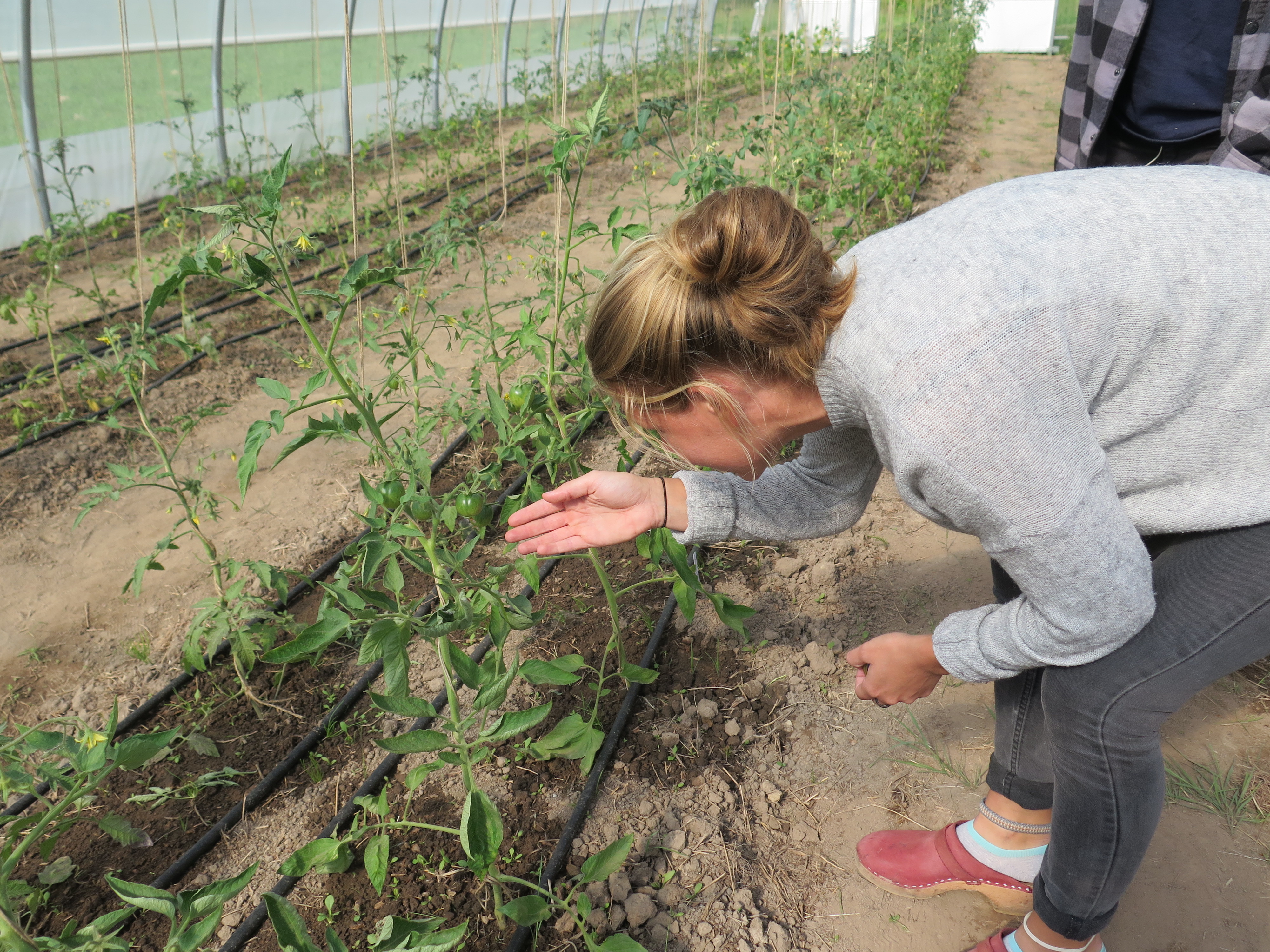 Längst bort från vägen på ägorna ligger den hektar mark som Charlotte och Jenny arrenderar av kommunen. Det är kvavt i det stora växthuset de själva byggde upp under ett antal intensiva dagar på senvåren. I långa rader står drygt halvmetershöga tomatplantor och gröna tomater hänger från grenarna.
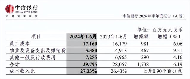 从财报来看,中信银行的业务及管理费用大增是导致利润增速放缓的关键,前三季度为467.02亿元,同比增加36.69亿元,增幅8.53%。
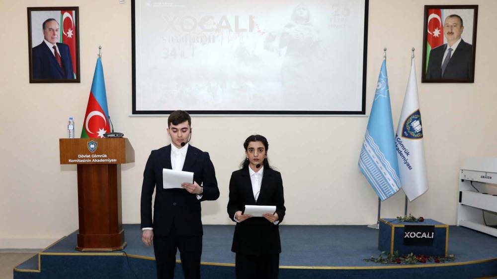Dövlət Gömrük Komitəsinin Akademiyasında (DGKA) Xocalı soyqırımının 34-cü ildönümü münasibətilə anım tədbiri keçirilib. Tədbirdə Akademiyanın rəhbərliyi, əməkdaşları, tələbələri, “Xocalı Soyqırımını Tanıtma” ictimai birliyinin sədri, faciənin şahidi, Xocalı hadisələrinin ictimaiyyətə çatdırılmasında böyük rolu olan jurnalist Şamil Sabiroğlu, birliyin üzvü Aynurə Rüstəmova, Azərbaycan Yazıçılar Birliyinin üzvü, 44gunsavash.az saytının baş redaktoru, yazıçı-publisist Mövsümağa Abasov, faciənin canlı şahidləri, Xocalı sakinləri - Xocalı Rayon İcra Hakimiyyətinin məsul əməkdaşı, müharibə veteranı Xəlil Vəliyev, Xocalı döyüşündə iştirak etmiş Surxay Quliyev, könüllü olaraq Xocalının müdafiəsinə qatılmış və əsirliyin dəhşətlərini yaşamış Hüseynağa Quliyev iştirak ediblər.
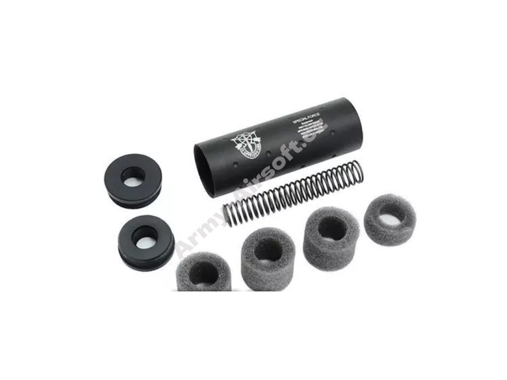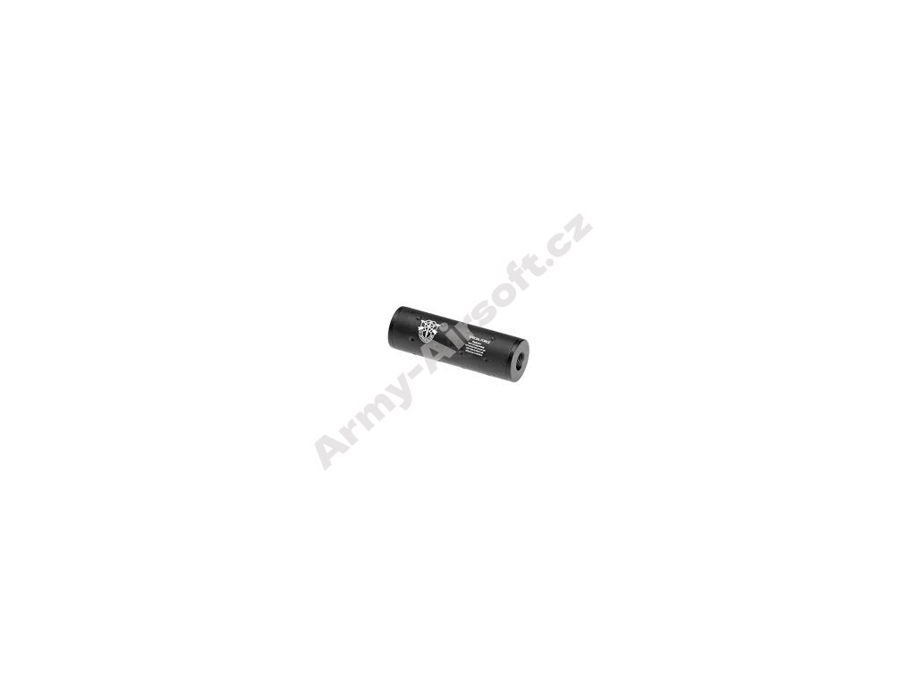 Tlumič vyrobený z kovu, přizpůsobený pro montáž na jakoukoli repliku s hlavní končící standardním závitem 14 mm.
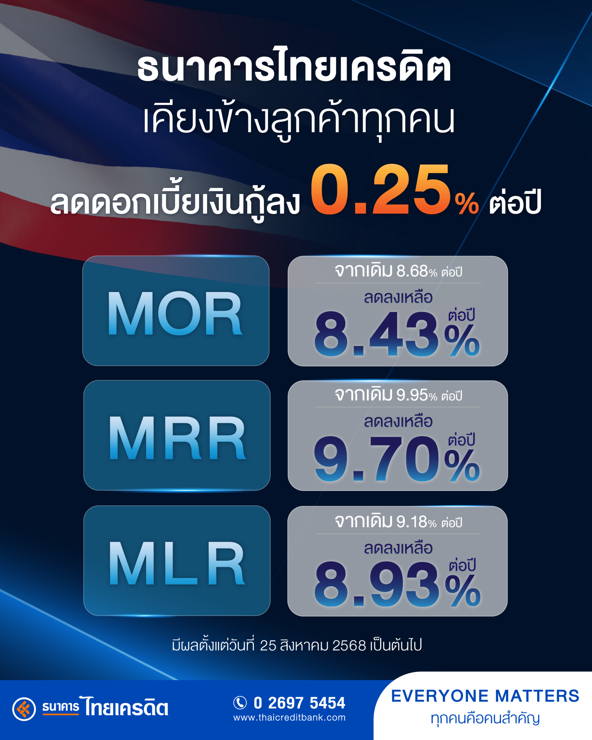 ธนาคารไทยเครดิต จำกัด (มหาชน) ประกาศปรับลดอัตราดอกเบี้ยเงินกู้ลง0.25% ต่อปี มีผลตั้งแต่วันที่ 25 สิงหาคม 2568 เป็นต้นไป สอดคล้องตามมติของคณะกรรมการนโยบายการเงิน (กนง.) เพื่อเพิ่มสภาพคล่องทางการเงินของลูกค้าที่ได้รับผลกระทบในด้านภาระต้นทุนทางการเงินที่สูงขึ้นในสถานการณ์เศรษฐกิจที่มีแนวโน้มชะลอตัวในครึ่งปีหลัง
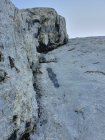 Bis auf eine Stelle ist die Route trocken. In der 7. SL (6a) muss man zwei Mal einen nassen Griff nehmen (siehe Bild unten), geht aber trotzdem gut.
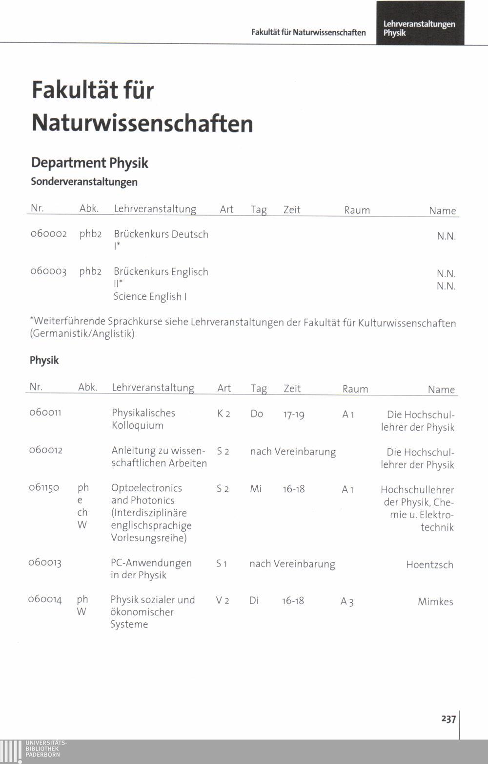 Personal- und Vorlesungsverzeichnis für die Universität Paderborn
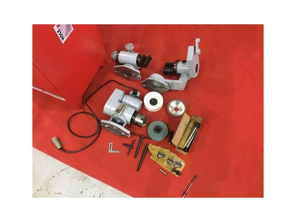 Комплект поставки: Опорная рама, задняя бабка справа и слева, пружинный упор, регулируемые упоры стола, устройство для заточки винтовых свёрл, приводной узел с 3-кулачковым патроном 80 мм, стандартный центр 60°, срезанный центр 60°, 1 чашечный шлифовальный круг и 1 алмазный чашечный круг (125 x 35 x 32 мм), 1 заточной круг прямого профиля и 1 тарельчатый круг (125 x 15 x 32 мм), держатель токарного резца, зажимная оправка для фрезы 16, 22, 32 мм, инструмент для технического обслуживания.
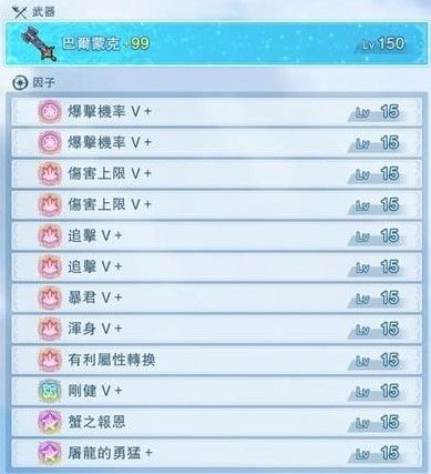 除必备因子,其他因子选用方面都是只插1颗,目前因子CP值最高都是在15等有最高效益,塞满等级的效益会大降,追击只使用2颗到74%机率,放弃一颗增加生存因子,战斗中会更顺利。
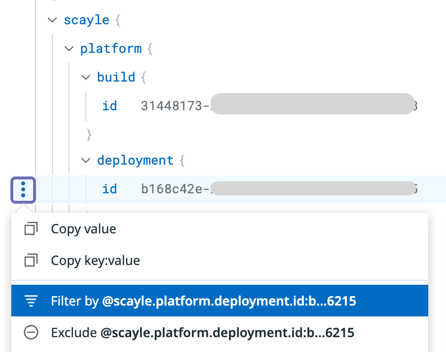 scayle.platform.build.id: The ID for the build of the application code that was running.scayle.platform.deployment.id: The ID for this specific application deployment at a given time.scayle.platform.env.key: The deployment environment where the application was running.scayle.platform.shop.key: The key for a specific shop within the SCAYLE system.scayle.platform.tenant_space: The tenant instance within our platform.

........

__Work item__: Exactness is what counts here: copy each entry as given and omit its pictures.

__Response to this exercise__:
 Längst bort från vägen på ägorna ligger den hektar mark som Charlotte och Jenny arrenderar av kommunen. Det är kvavt i det stora växthuset de själva byggde upp under ett antal intensiva dagar på senvåren. I långa rader står drygt halvmetershöga tomatplantor och gröna tomater hänger från grenarna.
 从财报来看,中信银行的业务及管理费用大增是导致利润增速放缓的关键,前三季度为467.02亿元,同比增加36.69亿元,增幅8.53%。
Dövlət Gömrük Komitəsinin Akademiyasında (DGKA) Xocalı soyqırımının 34-cü ildönümü münasibətilə anım tədbiri keçirilib. Tədbirdə Akademiyanın rəhbərliyi, əməkdaşları, tələbələri, “Xocalı Soyqırımını Tanıtma” ictimai birliyinin sədri, faciənin şahidi, Xocalı hadisələrinin ictimaiyyətə çatdırılmasında böyük rolu olan jurnalist Şamil Sabiroğlu, birliyin üzvü Aynurə Rüstəmova, Azərbaycan Yazıçılar Birliyinin üzvü, 44gunsavash.az saytının baş redaktoru, yazıçı-publisist Mövsümağa Abasov, faciənin canlı şahidləri, Xocalı sakinləri - Xocalı Rayon İcra Hakimiyyətinin məsul əməkdaşı, müharibə veteranı Xəlil Vəliyev, Xocalı döyüşündə iştirak etmiş Surxay Quliyev, könüllü olaraq Xocalının müdafiəsinə qatılmış və əsirliyin dəhşətlərini yaşamış Hüseynağa Quliyev iştirak ediblər.
 Tlumič vyrobený z kovu, přizpůsobený pro montáž na jakoukoli repliku s hlavní končící standardním závitem 14 mm.
 ธนาคารไทยเครดิต จำกัด (มหาชน) ประกาศปรับลดอัตราดอกเบี้ยเงินกู้ลง0.25% ต่อปี มีผลตั้งแต่วันที่ 25 สิงหาคม 2568 เป็นต้นไป สอดคล้องตามมติของคณะกรรมการนโยบายการเงิน (กนง.) เพื่อเพิ่มสภาพคล่องทางการเงินของลูกค้าที่ได้รับผลกระทบในด้านภาระต้นทุนทางการเงินที่สูงขึ้นในสถานการณ์เศรษฐกิจที่มีแนวโน้มชะลอตัวในครึ่งปีหลัง
 Bis auf eine Stelle ist die Route trocken. In der 7. SL (6a) muss man zwei Mal einen nassen Griff nehmen (siehe Bild unten), geht aber trotzdem gut.
 Personal- und Vorlesungsverzeichnis für die Universität Paderborn
 Комплект поставки: Опорная рама, задняя бабка справа и слева, пружинный упор, регулируемые упоры стола, устройство для заточки винтовых свёрл, приводной узел с 3-кулачковым патроном 80 мм, стандартный центр 60°, срезанный центр 60°, 1 чашечный шлифовальный круг и 1 алмазный чашечный круг (125 x 35 x 32 мм), 1 заточной круг прямого профиля и 1 тарельчатый круг (125 x 15 x 32 мм), держатель токарного резца, зажимная оправка для фрезы 16, 22, 32 мм, инструмент для технического обслуживания.
 除必备因子,其他因子选用方面都是只插1颗,目前因子CP值最高都是在15等有最高效益,塞满等级的效益会大降,追击只使用2颗到74%机率,放弃一颗增加生存因子,战斗中会更顺利。
 scayle.platform.build.id: The ID for the build of the application code that was running.scayle.platform.deployment.id: The ID for this specific application deployment at a given time.scayle.platform.env.key: The deployment environment where the application was running.scayle.platform.shop.key: The key for a specific shop within the SCAYLE system.scayle.platform.tenant_space: The tenant instance within our platform.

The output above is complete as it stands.